Xu Xiaoyu, Li Wanqiong, Zhang Lina, Ji Yazhong, Qin Jiaying, Wang Lu, Wang Mingwen, Qi Lingbin, Xue Jinfeng, Lv Bo, Zhang Xunyi, Xue Zhigang
Department of Regenerative Medicine, Tongji University School of Medicine, Shanghai, China.
Reproductive Medicine Center, Tongji Hospital, Tongji University School of Medicine, Shanghai, China.
Front Cell Dev Biol. 2021 Dec 22;9:749486. doi: 10.3389/fcell.2021.749486. eCollection 2021.
Although sperm preservation is a common means of personal fertility preservation, its effects on embryonic development potential need further investigation. The purpose of this study was to identify key microRNA (miRNA) in cryopreserved sperm and determine the changes of these miRNAs and their target genes during embryonic development using cryopreserved sperm. Moreover, the embryonic development potential of cryopreserved sperm was estimated in assisted reproductive technology (ART), where key miRNAs and target genes were validated in sperm and subsequent embryos. Clinical data of embryonic development from cryopreserved sperm indicated a significant decrease in fertilization rate in both fertilization (IVF) and intracytoplasmic sperm injection (ICSI) cases, as well as a reduction in blastocyst formation rate in ICSI cases. Meanwhile there was a significant increase in blocked embryo ratio of Day1, Day2, and Day3.5 embryos when frozen-thawed mouse sperm was used, compared with fresh mouse sperm, suggesting a potential negative effect of sperm cryopreservation on embryonic development. From frozen-thawed and fresh sperm in humans and mice, respectively, 21 and 95 differentially expressed miRNAs (DEmiRs) were detected. miR-148b-3p were downregulated in both human and mouse frozen-thawed sperm and were also decreased in embryos after fertilization using cryopreserved sperm. Target genes of miR-148b-3p, Pten, was identified in mouse embryos using quantitative real-time PCR (qRT-PCR) and Western blot (WB). In addition, common characters of cryopreservation of mouse oocytes compared with sperm were also detected; downregulation of miR-148b-3p was also confirmed in cryopreserved oocytes. In summary, our study suggested that cryopreservation of sperm could change the expression of miRNAs, especially the miR-148b-3p across humans and mice, and may further affect fertilization and embryo development by increasing the expression of Pten. Moreover, downregulation of miR-148b-3p induced by cryopreservation was conserved in mouse gametes.
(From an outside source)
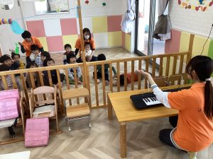 「まねっこ、まねっこ、ソファミレド」のお歌に合わせて音当てクイズもしていますよ🎵
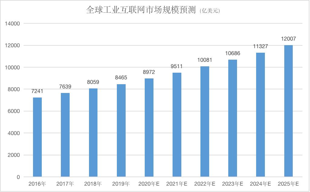 根据 CCID 的数据显示,2019 年全球工业互联网市场规模约为8465.6 亿美元;预计 2020 年全球工业互联网市场规模约为 8948 亿美元,到 2022 年预将首次突破 1 万亿美元,未来 2020-2025 年保持 6%的年化复合增长。

尽管精子保存是个人生育力保存的常用手段,但其对胚胎发育潜能的影响仍需进一步研究。本研究的目的是鉴定冷冻保存精子中的关键微小RNA(miRNA),并利用冷冻保存精子确定这些miRNA及其靶基因在胚胎发育过程中的变化。此外,在辅助生殖技术(ART)中评估了冷冻保存精子的胚胎发育潜能,其中关键miRNA和靶基因在精子及后续胚胎中得到验证。冷冻保存精子的胚胎发育临床数据表明,体外受精(IVF)和卵胞浆内单精子注射(ICSI)病例的受精率均显著降低,ICSI病例的囊胚形成率也降低。同时,与新鲜小鼠精子相比,使用冻融小鼠精子时,第1天、第2天和第3.5天胚胎的阻滞胚胎比例显著增加,提示精子冷冻保存对胚胎发育可能存在负面影响。分别从人和小鼠的冻融精子及新鲜精子中检测到21个和95个差异表达的miRNA(DEmiRs)。miR-148b-3p在人和小鼠的冻融精子中均下调,且在使用冷冻保存精子受精后的胚胎中也降低。使用定量实时PCR(qRT-PCR)和蛋白质免疫印迹(WB)在小鼠胚胎中鉴定了miR-148b-3p的靶基因Pten。此外,还检测了小鼠卵母细胞与精子冷冻保存的共同特征;在冷冻保存的卵母细胞中也证实了miR-148b-3p的下调。总之,我们的研究表明,精子冷冻保存可改变miRNA的表达,尤其是人和小鼠中的miR-148b-3p,并可能通过增加Pten的表达进一步影响受精和胚胎发育。此外,冷冻保存诱导的miR-148b-3p下调在小鼠配子中是保守的。